Fourier transform infrared spectroscopy of dandelion tissue extracts.
Since the differences in absorbance spectra are due to compound species and contents of compounds in different tissues, the identification efficiency was evaluated by principal component analysis (PCA). As shown in Fig. 2, two main components of PC1 (factor 1, 59%) and PC2 (factor 2, 38%) were extracted according to the above steps in the method section with the cumulative variance contribution rate of 97%, which indicated that the two-component model could explain the total 97% of the absorbance spectroscopy difference determined by the dandelion tissues, and could be used to distinguish the test dandelion tissues. Although obvious difference existed between the three repeated experiments of stem, flower and leaf tissue extracts, the PCA maps showed the Fourier transform infrared spectroscopy characteristics of dandelion tissues. Dandelion leaf, represented by green points, accounted for the comparatively higher values in PC1 and PC2 dimensions, ranging from 0.5 to 0.8 and −0.2 to 0 respectively; the dandelion stems (marked as blue points) values varied in the moderate range, which changed in the range of −0.1 to 0.3 in the PC1 axis and −0.4 to −0.1 in the PC2 axis.
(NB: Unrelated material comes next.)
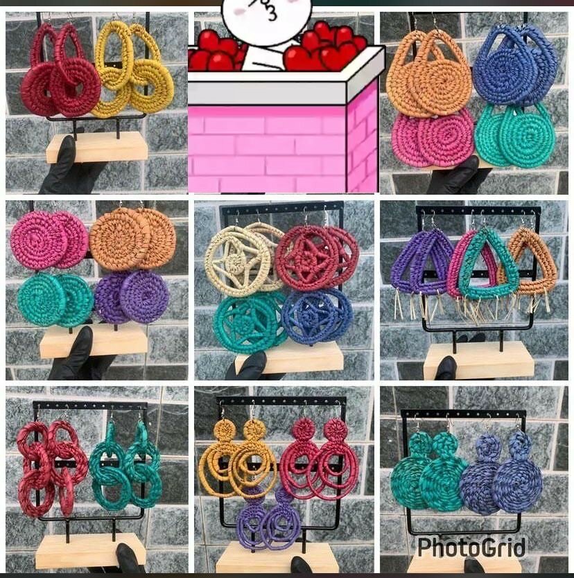 Raffia Earrings, Available in different colors and sizes Ranges from 20ghc -50ghc depending on the size.

For the dandelion flowers in the red group, its values were of the comparatively lower range, showing a narrow area in the PC1 coordinate (−0.2 to 0) and a large area in the PC2 coordinate (−0.3 to −0.6). The dandelion root (black points) group showed a different tendency compared to the other tissues, with a smaller repeat difference and high values in both PC1 and PC2. According to the PCA analysis results, dandelion tissue extract could be divided into three groups, dandelion root group and dandelion leaf were not well disguised from each other.
Figure 2.
Score cluster plot with top two principal components (PCs) for different dandelion tissues.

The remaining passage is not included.